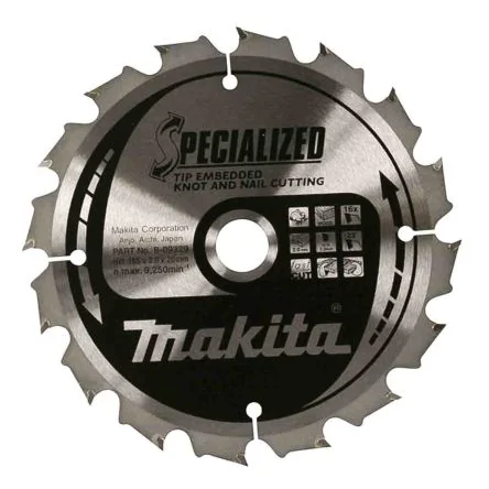 Designed to fit both Makita and other manufacturer’s saws, tip embedded or “;Deep Tooth”; blades are especially tough and hard wearing. Easily copes with knotty wood and will normally slice through nail and screw embedded timber without damaging teeth. Especially suitable for reclaimed timber and demolition work. FOR SANDWICH PANEL FOR CONSTRUCTION.Nail and Knot Cutting. Extremely tough and hard wearing. Extended service life and productivity. OR METAL CUTTING FOR MDF
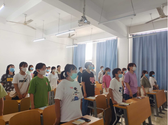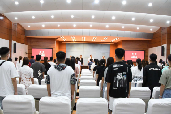 大会第一项,奏唱国歌。乐天使领导班子全体成员、全体辅导员和全体新生合唱国歌。
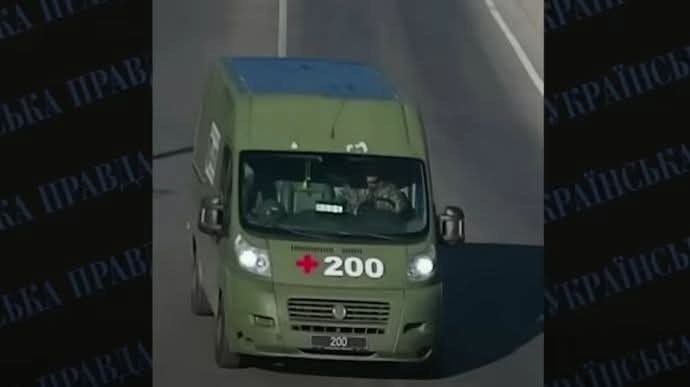 Nghi phạm được hộ tống đến biên giới trên một chiếc xe có biển báo "200", thường được sử dụng để vận chuyển những người lính Ukraine đã hy sinh.
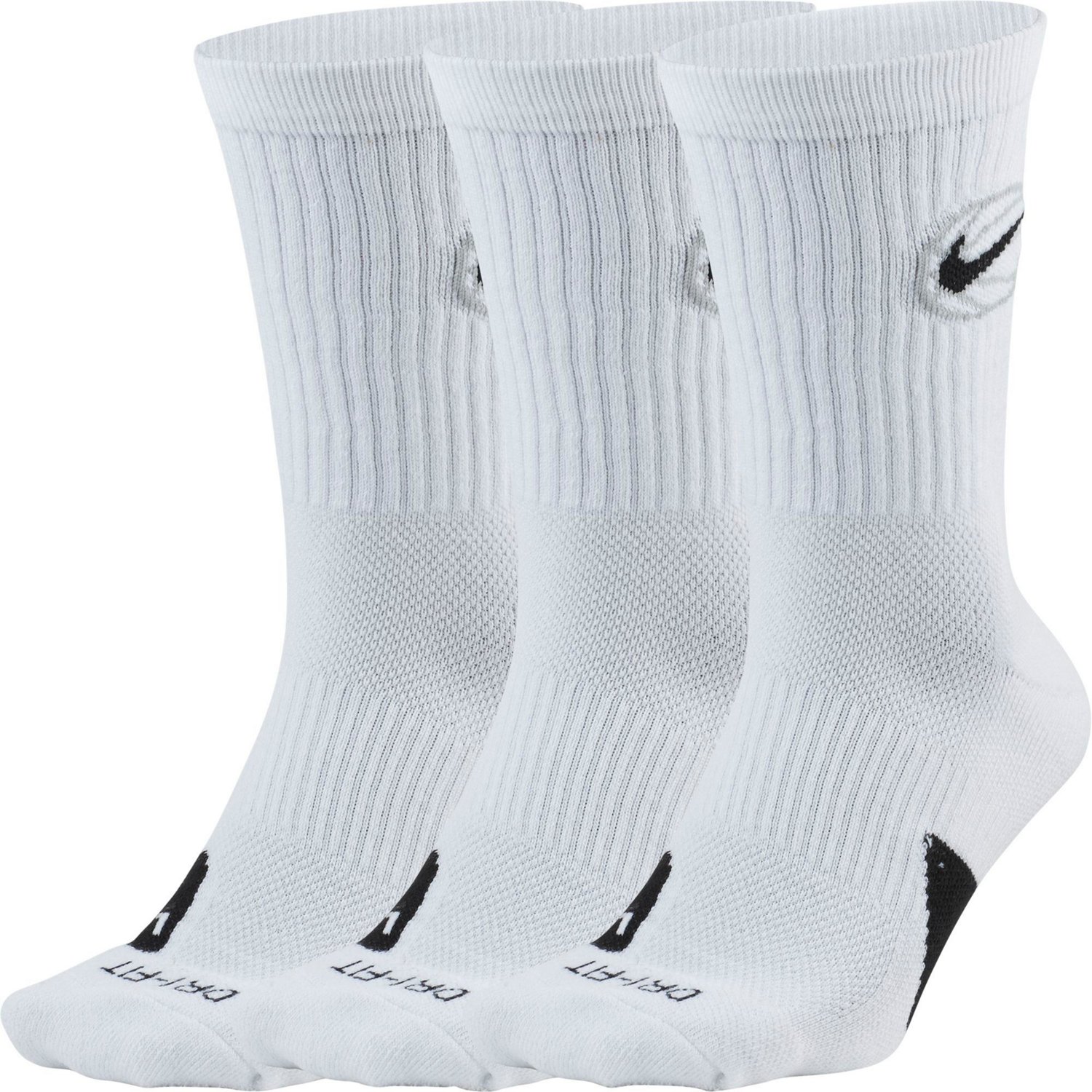 Stay comfortable while staying active in the Nike Everyday Basketball Crew Socks 3 Pack. These socks feature Dri-FIT technology that wicks sweat to keep your feet dry and cozy. The underfoot cushioning provides all-day comfort, while the ribbed arch bands offer a supportive feel.
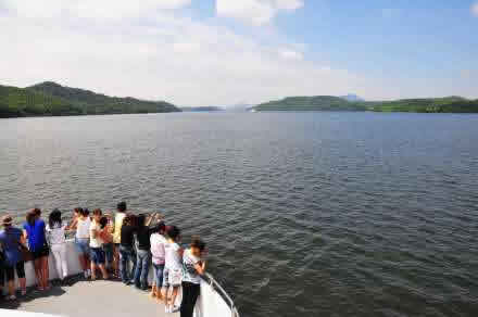 天目湖旅游度假區(qū),位于蘇、浙、皖三省交界處的江南歷史名城,溧陽市境內(nèi),距市區(qū)僅八公里。天目湖東臨煙波浩渺的太湖,北望工業(yè)發(fā)達的常州,西接六朝古都南京,南連蜿蜒起伏的天目山脈。天目湖旅游度假區(qū)開發(fā)建設(shè)于一九九二年四月,整個度假區(qū)的范圍為三百平方公里,其中包括沙河和大溪兩座國家級大型水庫。這兩大水庫地處天目山的余脈,從空中鳥瞰恰似兩顆明珠鑲嵌于溧陽大地。天目湖湖水來源于蘇、浙、皖三省交界的南山地區(qū),二百五十平方公里的河澗水匯集成湖,總庫容量為三億立方米,總長度為十三公里,水庫最深處為二十八米,平均深度為十米左右。湖區(qū)陸地部分為安山巖和石灰?guī)r,地形較為低緩。湖區(qū)群山環(huán)抱,湖水清冽。湖岸蜿蜒曲折,湖內(nèi)布滿大小島嶼。區(qū)內(nèi)奇花異草,色彩繽紛,野生動物,棲息繁衍,形成完整與和諧的生態(tài)系統(tǒng)。
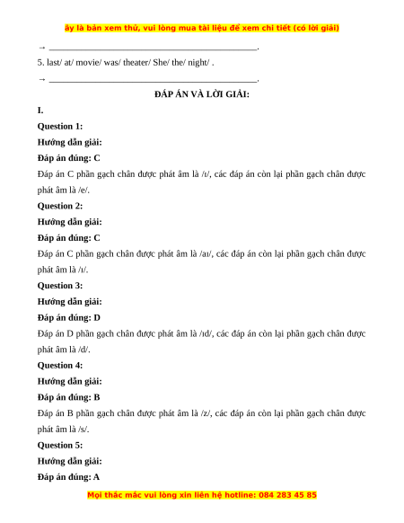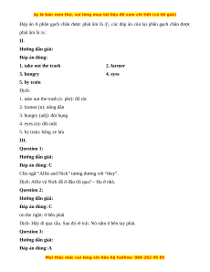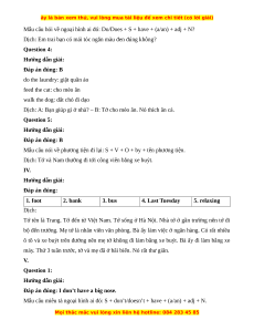 ĐÁP ÁN VÀ LỜI GIẢI: I. Question 1: Hướng dẫn giải: Đáp án đúng: C
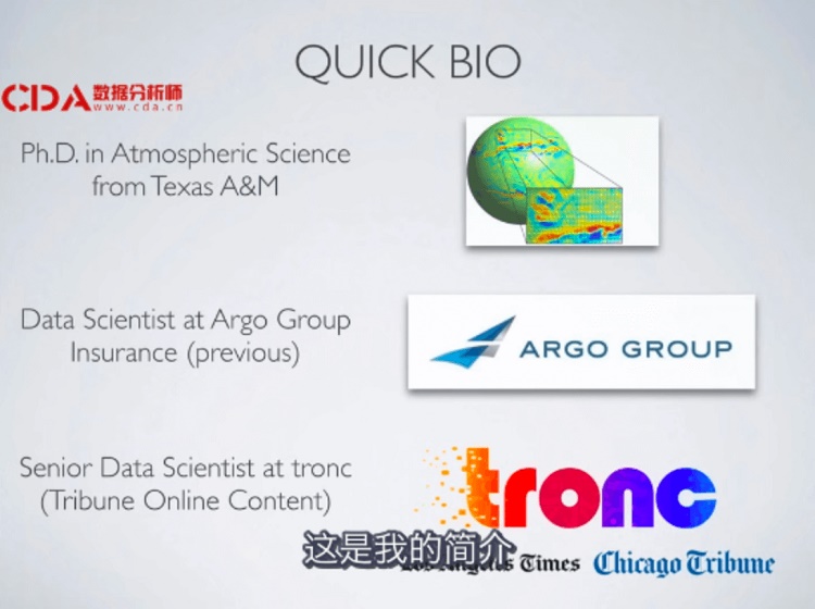 Jesse steinweg - woods即将成为tronc的一名资深数据科学家,致力于文章的推荐系统和理解客户行为。此前,他在Argo Group Insurance工作,主要利用机器学习技术采用了新的定价模型。他在德克萨斯A&M大学获得了大气科学博士学位,他研究领域是数值天气和气候预测。
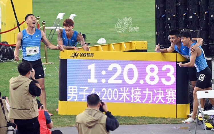 山东队在最后一棒落后的情况下一路追赶,抢在撞线前完成超越,以小于0.01秒的优势夺冠。四位运动员用1分20秒83的成绩,创下了新的亚洲纪录。
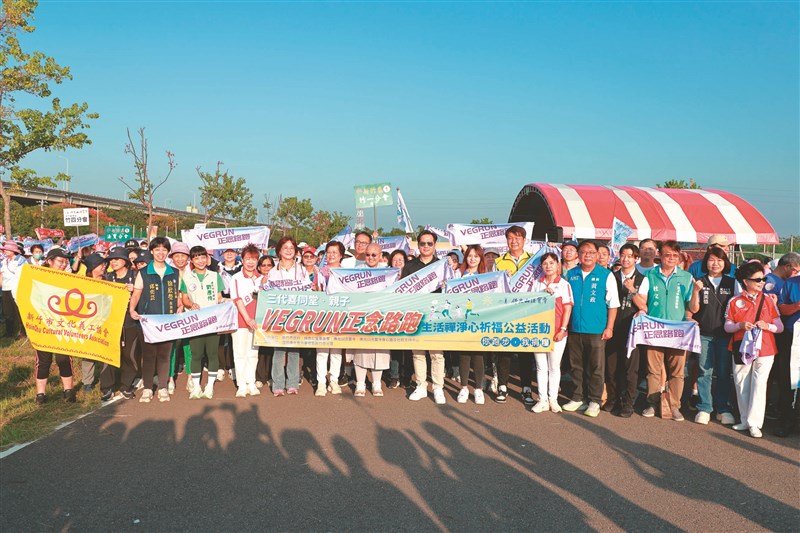 【人間社記者簡麗珠、郭芊筑新竹報導】佛光山法寶寺與新竹市政府4日在新竹市左岸C壘球場,舉辦「三代喜同堂.親子VEGRUN正念路跑」公益活動。透過「你跑步我捐糧」方式,推廣蔬食環保、健康與正念生活,吸引近2000位民眾、機關團體及佛光人共襄盛舉。
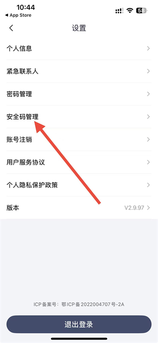 2、在設(shè)置頁面,點(diǎn)擊安全碼管理選項(xiàng),進(jìn)入安全碼管理頁面。
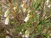 Conostephium pendulum, commonly known as pearl flower,[2] is a small, open shrub in the family Ericaceae endemic to the Swan Coastal Plain from Eneabba to Margaret River.
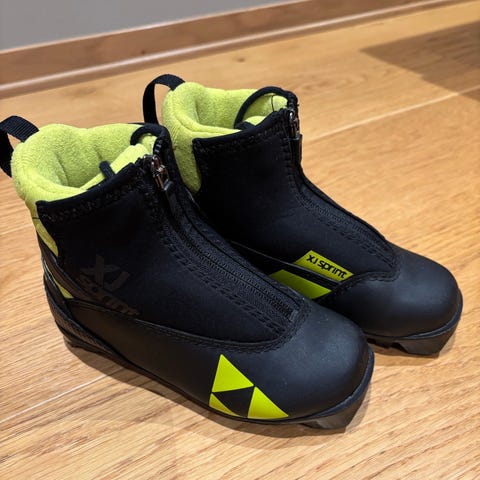 Fischer XJ Sprint langrennsstøvler for barn i størrelse EU 27. Støvlene har overdel i syntetisk materiale med glidelås foran og innvendig polstring i gul tekstil. Yttersålen er tilpasset NNN-bindinger (New Nordic Norm). Fargekombinasjon svart og gul. Egnet til klassisk langrenn for barn.
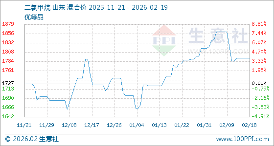 2月19日,生意社二氯甲烷基准价为1792.50元/吨,与本月初(1817.50元/吨)相比,下降了1.38%。
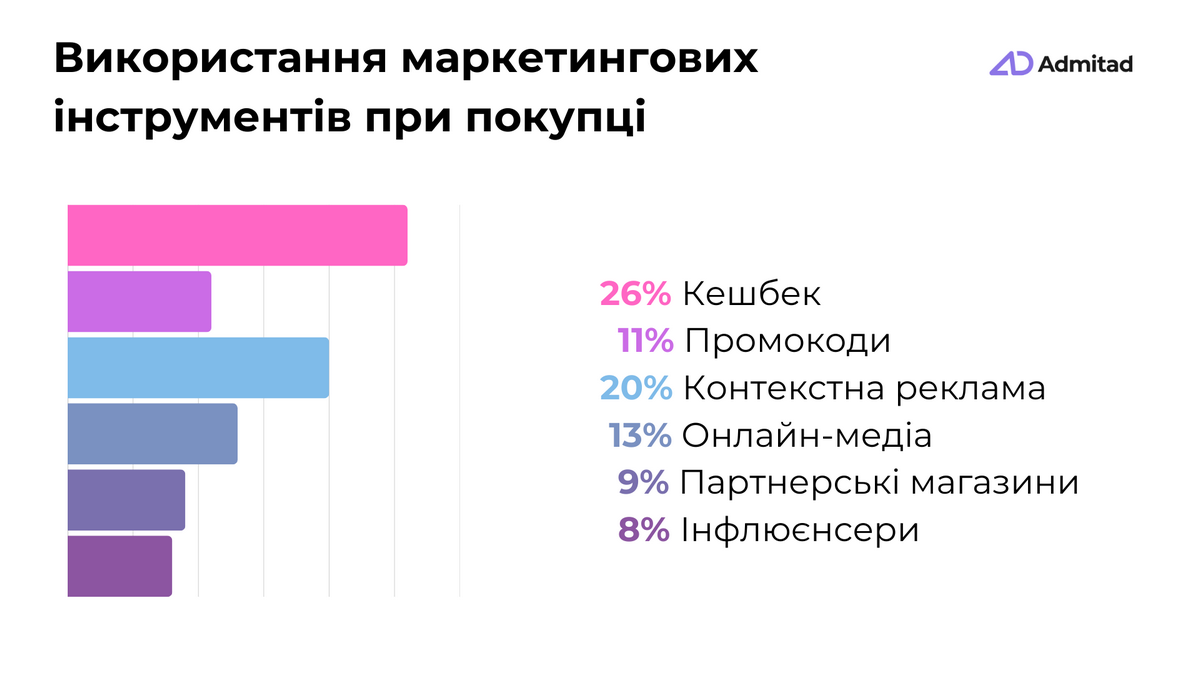 Когда дело доходило до выбора подарка, более 20% украинцев обращали внимание на контекстную рекламу. Рекомендации онлайн-медиа привели бизнесам более 13% клиентов, а 9% покупателей искали вдохновение в партнерских онлайн-магазинах, собирающих лучшие предложения от разных брендов. Еще 8% украинцев выбирали подарки, руководствуясь советами блоггеров и инфлюэнсеров.

» **TASK PROMPT**
Although the records contain pictures, transcribe only their text, exactly as written.

» **ANSWER SPACE**
 Designed to fit both Makita and other manufacturer’s saws, tip embedded or “;Deep Tooth”; blades are especially tough and hard wearing. Easily copes with knotty wood and will normally slice through nail and screw embedded timber without damaging teeth. Especially suitable for reclaimed timber and demolition work. FOR SANDWICH PANEL FOR CONSTRUCTION.Nail and Knot Cutting. Extremely tough and hard wearing. Extended service life and productivity. OR METAL CUTTING FOR MDF
 大会第一项,奏唱国歌。乐天使领导班子全体成员、全体辅导员和全体新生合唱国歌。
 Nghi phạm được hộ tống đến biên giới trên một chiếc xe có biển báo "200", thường được sử dụng để vận chuyển những người lính Ukraine đã hy sinh.
 Stay comfortable while staying active in the Nike Everyday Basketball Crew Socks 3 Pack. These socks feature Dri-FIT technology that wicks sweat to keep your feet dry and cozy. The underfoot cushioning provides all-day comfort, while the ribbed arch bands offer a supportive feel.
 天目湖旅游度假區(qū),位于蘇、浙、皖三省交界處的江南歷史名城,溧陽市境內(nèi),距市區(qū)僅八公里。天目湖東臨煙波浩渺的太湖,北望工業(yè)發(fā)達的常州,西接六朝古都南京,南連蜿蜒起伏的天目山脈。天目湖旅游度假區(qū)開發(fā)建設(shè)于一九九二年四月,整個度假區(qū)的范圍為三百平方公里,其中包括沙河和大溪兩座國家級大型水庫。這兩大水庫地處天目山的余脈,從空中鳥瞰恰似兩顆明珠鑲嵌于溧陽大地。天目湖湖水來源于蘇、浙、皖三省交界的南山地區(qū),二百五十平方公里的河澗水匯集成湖,總庫容量為三億立方米,總長度為十三公里,水庫最深處為二十八米,平均深度為十米左右。湖區(qū)陸地部分為安山巖和石灰?guī)r,地形較為低緩。湖區(qū)群山環(huán)抱,湖水清冽。湖岸蜿蜒曲折,湖內(nèi)布滿大小島嶼。區(qū)內(nèi)奇花異草,色彩繽紛,野生動物,棲息繁衍,形成完整與和諧的生態(tài)系統(tǒng)。
 ĐÁP ÁN VÀ LỜI GIẢI: I. Question 1: Hướng dẫn giải: Đáp án đúng: C
 Jesse steinweg - woods即将成为tronc的一名资深数据科学家,致力于文章的推荐系统和理解客户行为。此前,他在Argo Group Insurance工作,主要利用机器学习技术采用了新的定价模型。他在德克萨斯A&M大学获得了大气科学博士学位,他研究领域是数值天气和气候预测。
 山东队在最后一棒落后的情况下一路追赶,抢在撞线前完成超越,以小于0.01秒的优势夺冠。四位运动员用1分20秒83的成绩,创下了新的亚洲纪录。
 【人間社記者簡麗珠、郭芊筑新竹報導】佛光山法寶寺與新竹市政府4日在新竹市左岸C壘球場,舉辦「三代喜同堂.親子VEGRUN正念路跑」公益活動。透過「你跑步我捐糧」方式,推廣蔬食環保、健康與正念生活,吸引近2000位民眾、機關團體及佛光人共襄盛舉。
 2、在設(shè)置頁面,點(diǎn)擊安全碼管理選項(xiàng),進(jìn)入安全碼管理頁面。
 Conostephium pendulum, commonly known as pearl flower,[2] is a small, open shrub in the family Ericaceae endemic to the Swan Coastal Plain from Eneabba to Margaret River.
 Fischer XJ Sprint langrennsstøvler for barn i størrelse EU 27. Støvlene har overdel i syntetisk materiale med glidelås foran og innvendig polstring i gul tekstil. Yttersålen er tilpasset NNN-bindinger (New Nordic Norm). Fargekombinasjon svart og gul. Egnet til klassisk langrenn for barn.
 2月19日,生意社二氯甲烷基准价为1792.50元/吨,与本月初(1817.50元/吨)相比,下降了1.38%。
 Когда дело доходило до выбора подарка, более 20% украинцев обращали внимание на контекстную рекламу. Рекомендации онлайн-медиа привели бизнесам более 13% клиентов, а 9% покупателей искали вдохновение в партнерских онлайн-магазинах, собирающих лучшие предложения от разных брендов. Еще 8% украинцев выбирали подарки, руководствуясь советами блоггеров и инфлюэнсеров.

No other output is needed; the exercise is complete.